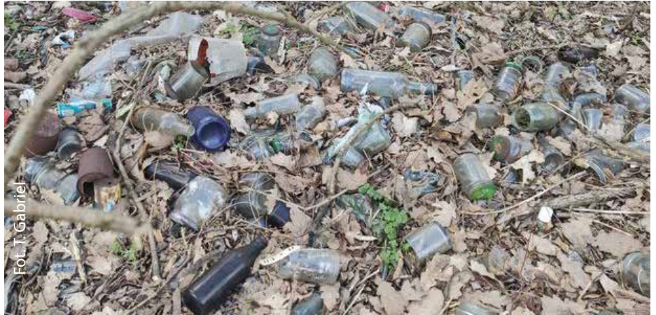
W części Parku Żurawiniec, która nie należy do Gminy zalega mnóstwo śmieci

Nie brakuje również miejsc, gdzie wyrzucane są stare meble, zużyty sprzęt elektryczny i elektroniczny, opony czy odpady remontowe. Przypominamy, że każdy z nas płaci opłatę za gospodarowanie odpadami komunal-
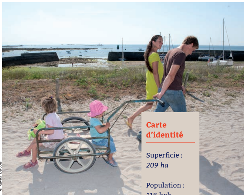
> Hoëdicais en promenade
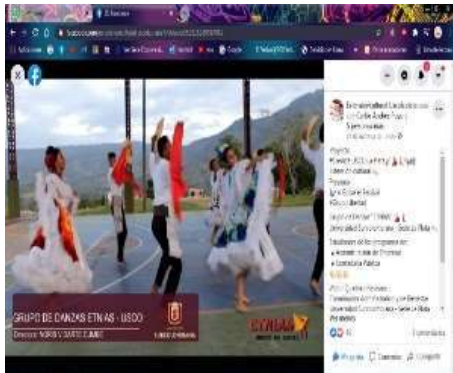
Ilustración 10. Presentaciones Culturales Sedes
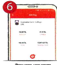
৬. ট্যাপ করে ধরে রাখুন পেমেন্ট শেষে কনফার্মেশন নোটিফিকেশন পাবেন
◆ ◆ ◆ ◆ ◆ ◆ ◆
- _ACTION ITEM_:
Where the line with "Hoëdicais en promenade" appears in the entries above, begin there and restate every line to the end word for word, minus the pictures.

- _ANSWER SECTION_:
> Hoëdicais en promenade
Ilustración 10. Presentaciones Culturales Sedes
৬. ট্যাপ করে ধরে রাখুন পেমেন্ট শেষে কনফার্মেশন নোটিফিকেশন পাবেন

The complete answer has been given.